The first debate

Barack Obama, the new, improved George McGovern, won yesterday evening’s Mississippi debate against John McCain. Mr. Obama won comfortably. It was not even close. (This writer admittedly heard the debate’s audio only, over radio. Readers that saw the debate on television and judged it otherwise are invited to comment below at their discretion.)

To offer here a detailed post-mortem of the debate would not be this blog’s style and this article will not attempt it. Suffice it to say that Mr. McCain did fairly well during the debate’s last twenty minutes when the topic was the valor of U.S. troops, but that the rest of the debate did not go well for Mr. McCain. Mr. Obama’s left-wing answers were well organized and clear. Mr. McCain’s confused answers were disorganized and rambling. Regarding the Crash of 2008, Mr. McCain put his meager understanding of economics on full display.

Incredibly, as Mr. Obama looked on, Mr. McCain spent a significant fraction of the debate actually attacking his own, Republican party, whose support Mr. McCain does not deserve.

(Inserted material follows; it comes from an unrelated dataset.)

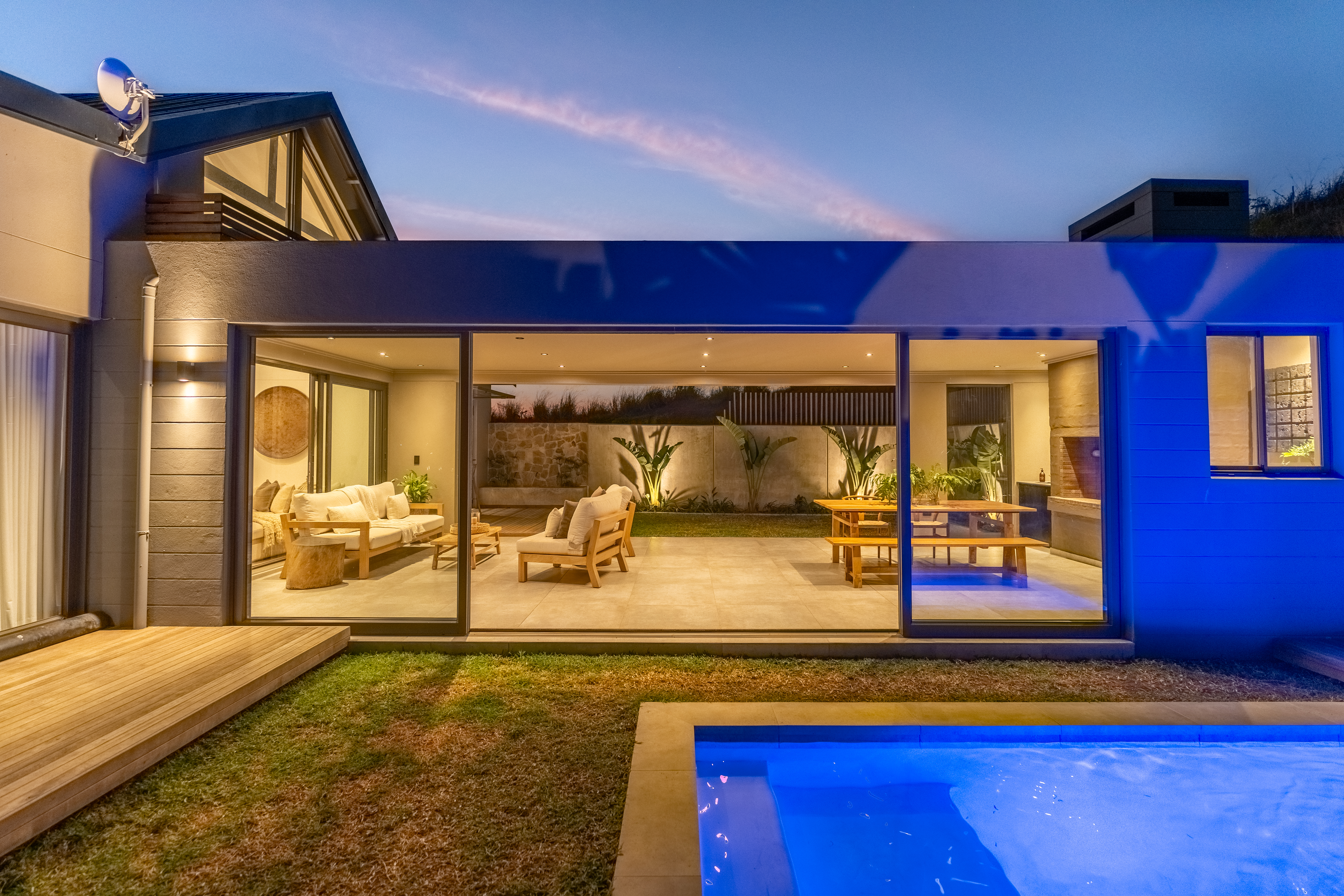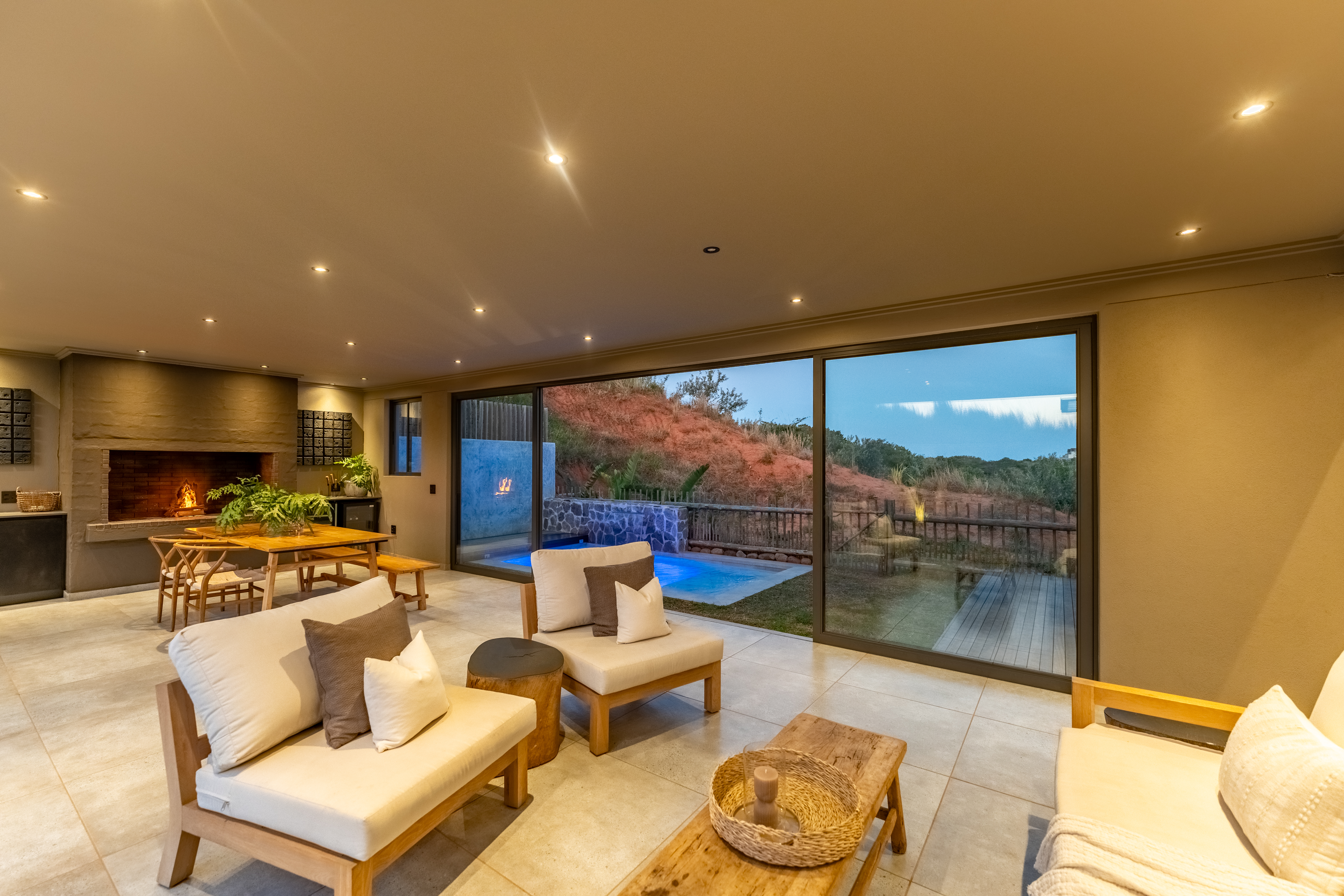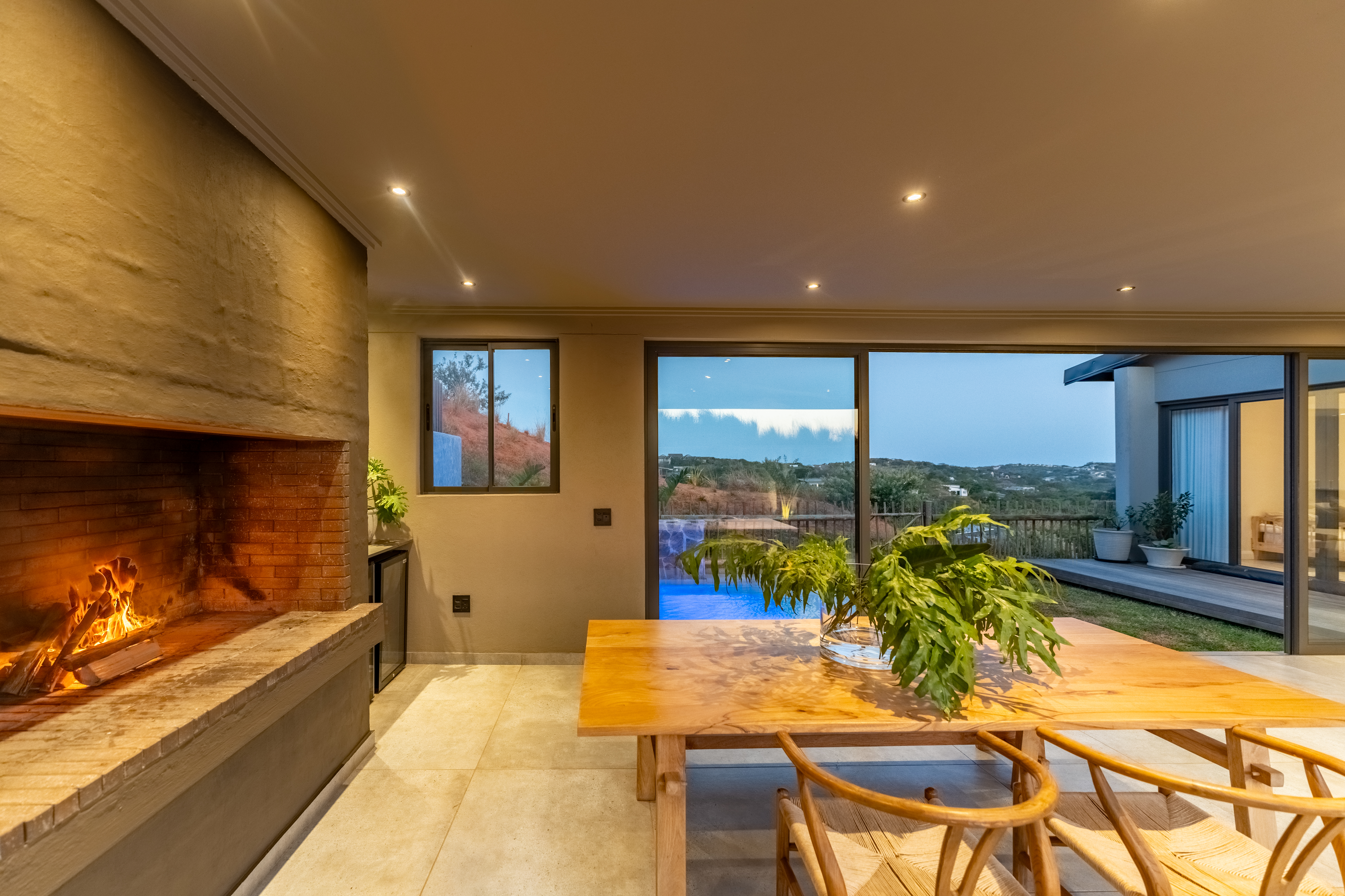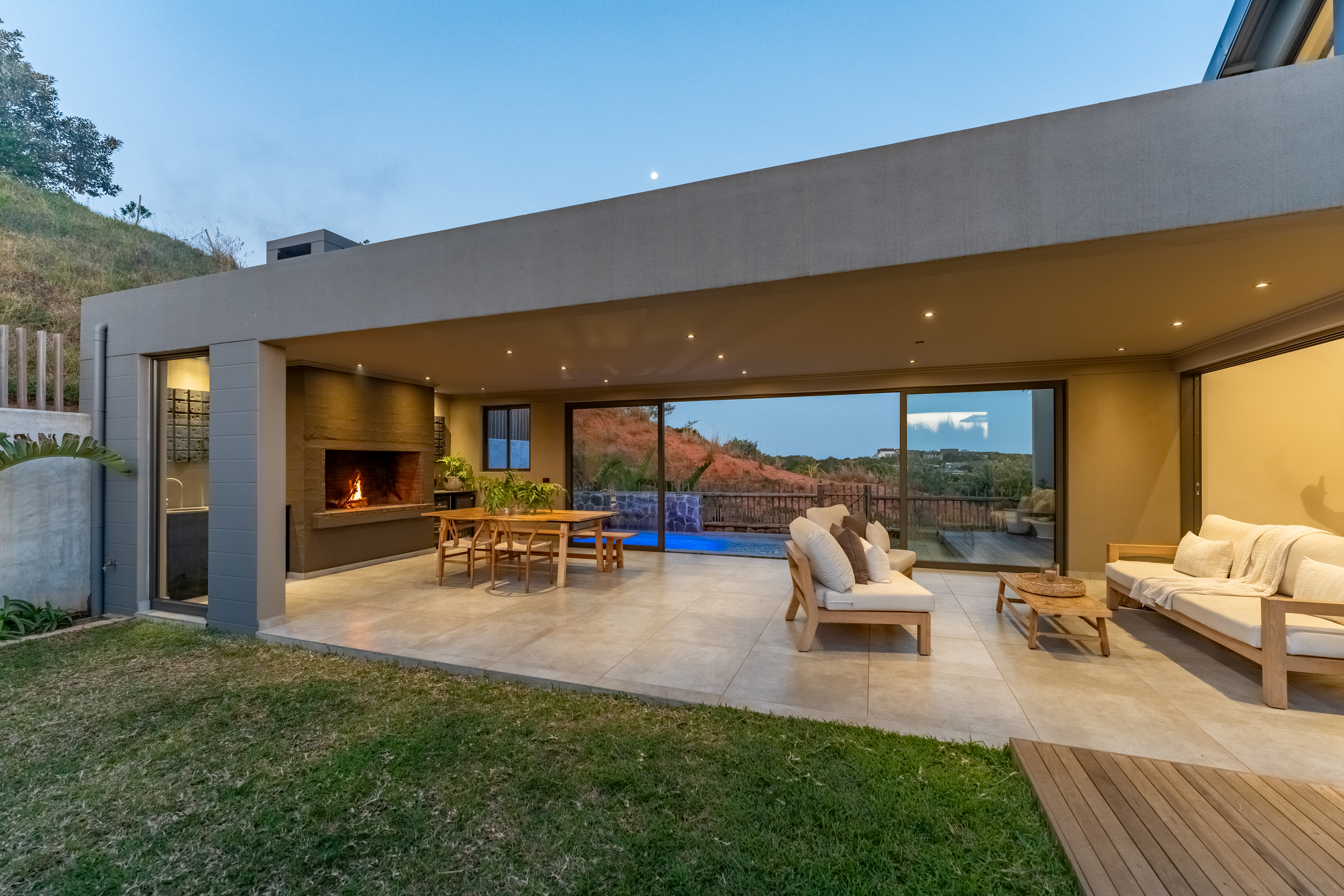 Step inside and experience open plan living at its best. The spacious lounge and dining area flow seamlessly into a stylish kitchen and out to a beautifully designed entertainment area complete with built in braai and a sparkling pool. Large sliding doors invite the outdoors in and frame scenic views over the estate.

To excerpt tactically Mr. McCain’s several debate-losing moments would be too depressing, so let us turn instead to the moment in which Mr. McCain most lost, not the public’s support generally, but The Economic Nationalist’s support specifically:

I supported us going into Bosnia, when a number of my own party and colleagues was against that operation in Bosnia. That was the right thing to do, to stop genocide and to preserve what was necessary inside of Europe.

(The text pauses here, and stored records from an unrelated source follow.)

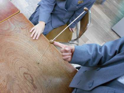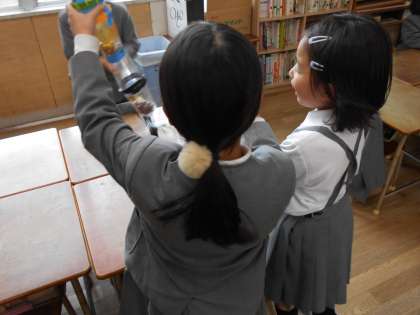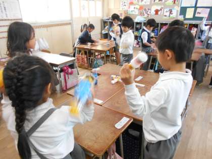 生活科の学習で、どんぐりやまつぼっくりを使って秋のおもちゃを作りました。やじろべえやけん玉、こまなど、グループに分かれておもちゃを作り、みんなで遊びました。遊び方がわからない友だちには優しく教え、協力して楽しい時間を過ごすことができました。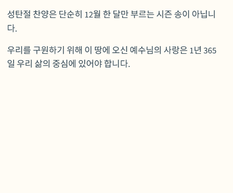 성탄절 찬양은 단순히 12월 한 달만 부르는 시즌 송이 아닙니다. 우리를 구원하기 위해 이 땅에 오신 예수님의 사랑은 1년 365일 우리 삶의 중심에 있어야 하기 때문입니다.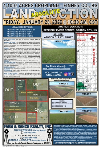 Don’t miss the opportunity to purchase this offering being sold by the Ashton D. Rayl Trust: 1,100± CROPLAND ACRES, SELLING IN 4 TRACTS!
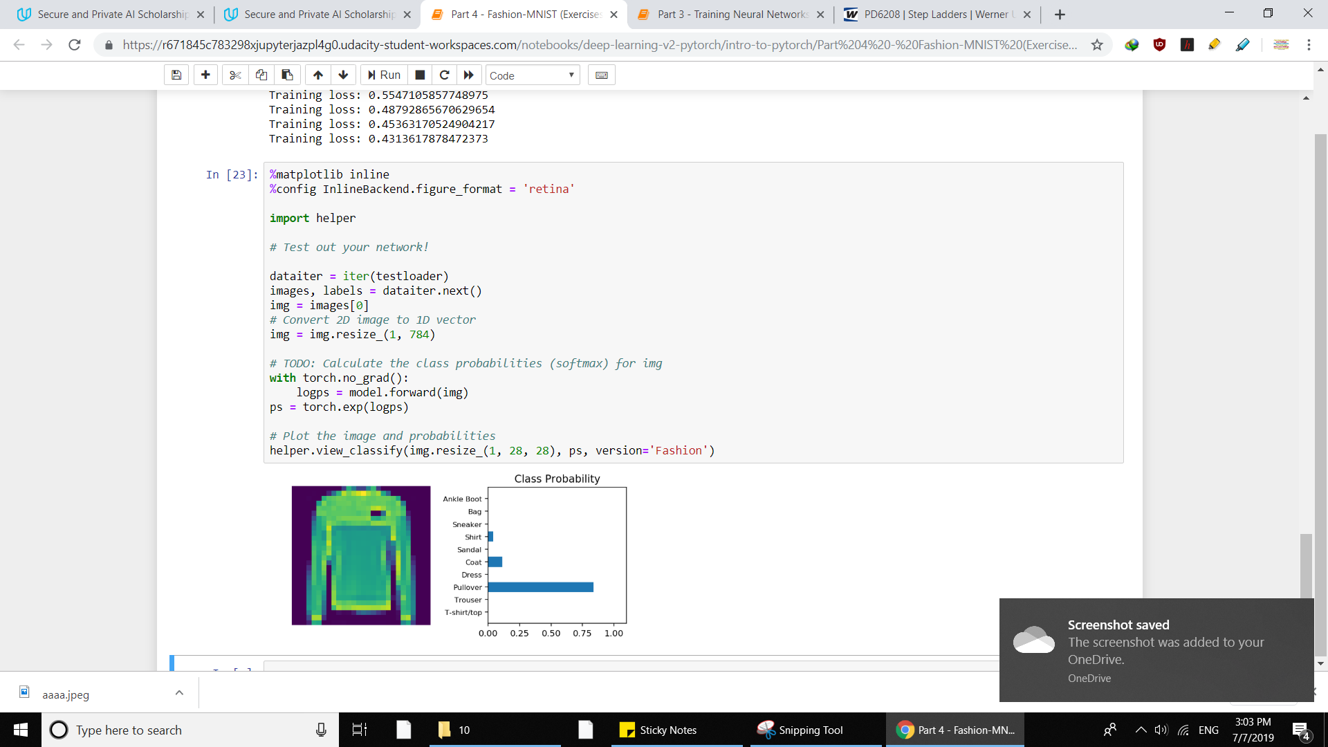 Continued on with "Intro to deep learning with pytorch" course.

I supported what we did in Kosovo. I supported it because ethnic cleansing and genocide was taking place there.

What was necessary inside of Europe, Mr. McCain says? What does he think that he means by that? Does he think that Muslim Albanian jihadists were playing beanbag over there? Someone should explain to the man what jihad is. But, then, Mr. McCain’s first instinct always has been to grandstand by attacking his own. Evidently fellow Christians like the Serbs are as attractive a target to Mr. McCain as fellow Republicans are.

That the historically ignorant Mr. McCain actually considers himself “a student of history” is scary.

As Democratic nominee, Barack Obama is the only person that can keep John McCain out of the White House. There are weighty reasons to oppose Mr. Obama, especially regarding the kind of liberal justice he would very probably appoint to the U.S. Supreme Court. Such reasons however are outweighed by contrary considerations. For the good of the Republic, The Economic Nationalist must recommend voting Obama in November.

To those to whom voting Obama seems a bridge too far, a vote for the Constitution Party’s hopeless Chuck Baldwin would be a worthy half-substitute.